According to a recently passed bill, the reality of a microchip populace is closer than ever before. Last week, the House passed HR 4919, allowing authorities to chip people with “forms of dementia or children with developmental disabilities”.
The bill would also require the attorney general to work with the secretary of health and human services and unnamed health organizations to establish the “best practices” for the use of tracking devices.
Those in support of the legislation maintain that such programs could prevent tragedies where those with mental or cognitive disabilities wandered into dangerous circumstances. Yet, others have called these good intentions a “Trojan horse” for the expansion of a North American police state as the bill’s language could be very broadly interpreted.
“While this initiative may have noble intentions, ‘small and temporary’ programs in the name of safety and security often evolve into permanent and enlarged bureaucracies that infringe on the American people’s freedoms. That is exactly what we have here. A safety problem exists for people with Alzheimer’s, autism and other mental health issues, so the fix, we are told, is to have the Department of Justice, start a tracking program so we can use some device or method to track these individuals 24/7,” Representative Louie Gohmert (R-TX) said in a floor speech opposing the bill.

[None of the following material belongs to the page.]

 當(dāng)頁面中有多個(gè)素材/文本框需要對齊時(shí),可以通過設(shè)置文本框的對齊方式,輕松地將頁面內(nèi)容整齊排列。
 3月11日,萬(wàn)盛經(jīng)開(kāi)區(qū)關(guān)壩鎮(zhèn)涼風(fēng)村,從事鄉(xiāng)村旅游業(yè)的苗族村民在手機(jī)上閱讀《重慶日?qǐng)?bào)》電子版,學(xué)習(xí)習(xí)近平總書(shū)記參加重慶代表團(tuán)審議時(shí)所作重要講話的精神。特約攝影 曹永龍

Gohmert’s assessment is spot-on. Giving local police the authority to decide who is microchipped and who is not based on their mental soundness is a recipe for disaster. Though the bill specifically mentions those with Alzheimer’s and autism, how long before these tracking programs are extended to those with ADHD and bipolar disorder, among other officially recognized disorders.

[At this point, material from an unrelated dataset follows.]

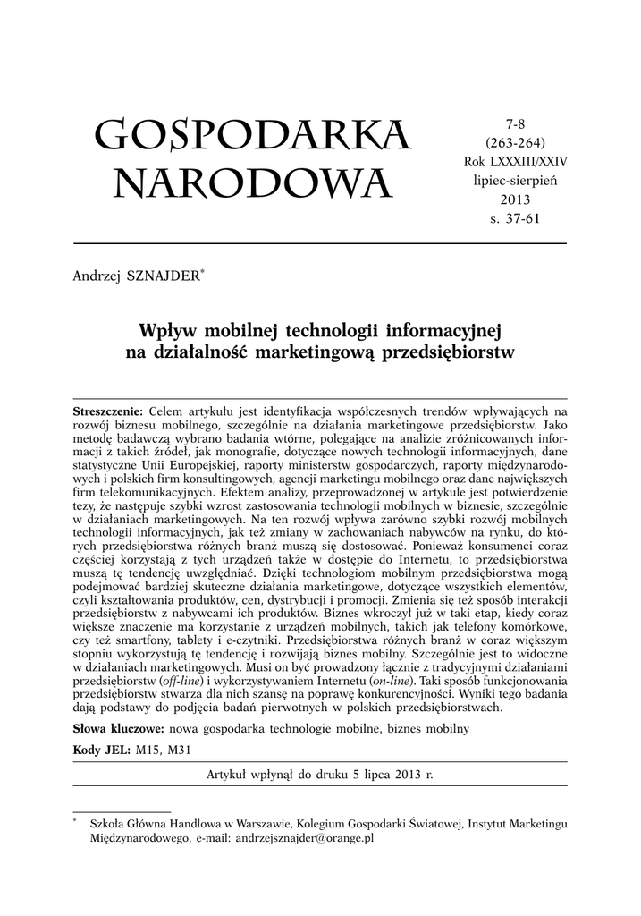 GOSPODARKA NARODOWA 7-8 (263-264) Rok LXXXIII/XXIV lipiec-sierpień 2013 s. 37-61 Andrzej SZNAJDER* Wpływ mobilnej technologii informacyjnej na działalność marketingową przedsiębiorstw Streszczenie: Celem artykułu jest identyfikacja współczesnych trendów wpływających na rozwój biznesu mobilnego, szczególnie na działania marketingowe przedsiębiorstw. Jako metodę badawczą wybrano badania wtórne, polegające na analizie zróżnicowanych informacji z takich źródeł, jak monografie, dotyczące nowych technologii informacyjnych, dane statystyczne Unii Europejskiej, raporty ministerstw gospodarczych, raporty międzynarodowych i polskich firm konsultingowych, agencji marketingu mobilnego oraz dane największych firm telekomunikacyjnych. Efektem analizy, przeprowadzonej w artykule jest potwierdzenie tezy, że następuje szybki wzrost zastosowania technologii mobilnych w biznesie, szczególnie w działaniach marketingowych. Na ten rozwój wpływa zarówno szybki rozwój mobilnych technologii informacyjnych, jak też zmiany w zachowaniach nabywców na rynku, do których przedsiębiorstwa różnych branż muszą się dostosować. Ponieważ konsumenci coraz częściej korzystają z tych urządzeń także w dostępie do Internetu, to przedsiębiorstwa muszą tę tendencję uwzględniać. Dzięki technologiom mobilnym przedsiębiorstwa mogą podejmować bardziej skuteczne działania marketingowe, dotyczące wszystkich elementów, czyli kształtowania produktów, cen, dystrybucji i promocji. Zmienia się też sposób interakcji przedsiębiorstw z nabywcami ich produktów. Biznes wkroczył już w taki etap, kiedy coraz większe znaczenie ma korzystanie z urządzeń mobilnych, takich jak telefony komórkowe, czy też smartfony, tablety i e-czytniki. Przedsiębiorstwa różnych branż w coraz większym stopniu wykorzystują tę tendencję i rozwijają biznes mobilny. Szczególnie jest to widoczne w działaniach marketingowych. Musi on być prowadzony łącznie z tradycyjnymi działaniami przedsiębiorstw (off-line) i wykorzystywaniem Internetu (on-line). Taki sposób funkcjonowania przedsiębiorstw stwarza dla nich szansę na poprawę konkurencyjności. Wyniki tego badania dają podstawy do podjęcia badań pierwotnych w polskich przedsiębiorstwach. Słowa kluczowe: nowa gospodarka technologie mobilne, biznes mobilny Kody JEL: M15, M31 Artykuł wpłynął do druku 5 lipca 2013 r. * Szkoła Główna Handlowa w Warszawie, Kolegium Gospodarki Światowej, Instytut Marketingu Międzynarodowego, e-mail: [email protected] 38 GOSPODARKA NARODOWA Nr 7-8/2013 Wprowadzenie Wiek XXI charakteryzuje się szybkimi i istotnymi zmianami w otoczeniu przedsiębiorstw, wpływającymi na sposoby ich funkcjonowania i koniecznością dostosowania się do nich zarządzania dotyczącego wszystkich funkcji przedsiębiorstw – produkcji, zaopatrzenia, zarządzania zasobami ludzkimi, badań i rozwoju, marketingu i sprzedaży. Szczególnie dotyczy to marketingu, dlatego też artykuł koncentruje się na wpływie mobilnych technologii informacyjnych na działania marketingowe przedsiębiorstw. Niniejszy artykuł ma zrealizować jeden z celów, jaki stawia się nauce – cel poznawczy, polegający na dążeniu do wyjaśnianiu zjawisk w przedmiocie badawczym. Jest nim w tym przypadku przedstawienie wpływu nowych technologii informacyjnych, czyli rozwoju technologii mobilnych, na działalność przedsiębiorstw. Aby ten cel zrealizować, została dokonana identyfikacja współczesnych trendów wpływających na rozwój biznesu mobilnego. Główna uwaga została poświęcona trendom w technologii i w zachowaniach nabywczych konsumentów, które sprzyjają, czy nawet wymuszają zmianę w funkcjonowaniu przedsiębiorstw. Artykuł ma udowodnić tezę, że obecnie coraz większe znaczenie ma korzystanie z urządzeń mobilnych, takich jak telefony komórkowe, czy też smartfony, tablety i e-czytniki. Ponieważ konsumenci coraz częściej korzystają z tych urządzeń także w dostępie do Internetu, to przedsiębiorstwa muszą tę tendencję uwzględniać, szczególnie w swych działaniach marketingowych. Dzięki technologiom mobilnym przedsiębiorstwa mogą podejmować bardziej skuteczne działania marketingowe, dotyczące wszystkich elementów, czyli kształtowania produktów, cen, dystrybucji i promocji. Zmienia się też sposób interakcji przedsiębiorstw z nabywcami ich produktów [ReportBoston Consulting Group, 2012]. Dzięki technologii mobilnej powstaje też szansa na obniżenie kosztów przedsiębiorstw i w ten sposób zwiększenie konkurencyjności cenowej tych, którzy potrafią ją wykorzystać najlepiej. Ta sytuacja wynika także z trendów konsumenckich, z zachowania się konsumentów na rynku. Tezą artykułu jest także stwierdzenie, że współcześnie mobilne technologie informacyjne bardzo silnie wpływają na biznes i musi on być prowadzony łącznie z tradycyjnymi działaniami przedsiębiorstw (off-line) i wykorzystywaniem Internetu (on-line). Często stosuje się obrazowe określenie, że współczesny biznes jest prowadzony z wykorzystaniem trzech ekranów – telewizora (tradycyjne działania biznesowe), komputera (wykorzystanie Internetu) i urządzeń mobilnych. Metodą badawczą, przyjętą do weryfikacji tezy jest metoda badań wtórnych, polegająca na analizie zróżnicowanych informacji z takich źródeł, jak monografie, dotyczące nowych technologii informacyjnych, dane statystyczne Unii Europejskiej, raporty ministerstw gospodarczych, raporty międzynarodowych i polskich firm konsultingowych, agencji marketingu mobilnego oraz dane największych firm telekomunikacyjnych. Andrzej Sznajder, Wpływ mobilnej technologii informacyjnej... 39 Jeśli teza artykułu się potwierdzi, to będzie to wskazywało na niezbędne kierunki badań nad znaczeniem biznesu mobilnego w polskiej gospodarce, a dla autora artykułu będzie stanowiło podstawę do kontynuowania analizy wpływu informacyjnych techn

Even the dislike of authority is considered a mental disorder known as “Oppositional Defiant Disorder,” which could also warrant microchipping in the future. If these programs expand unchecked, how long will it be before all Americans are told that mass microchipping is necessary so that law enforcement and the government can better “protect” them?
Many Americans have been content to trade their liberties for increased “security” in the post-9/11 world, particularly when the State uses these talking points. Yet, as Benjamin Franklin once said, “those who surrender freedom for security will not have, nor do they deserve, either one.”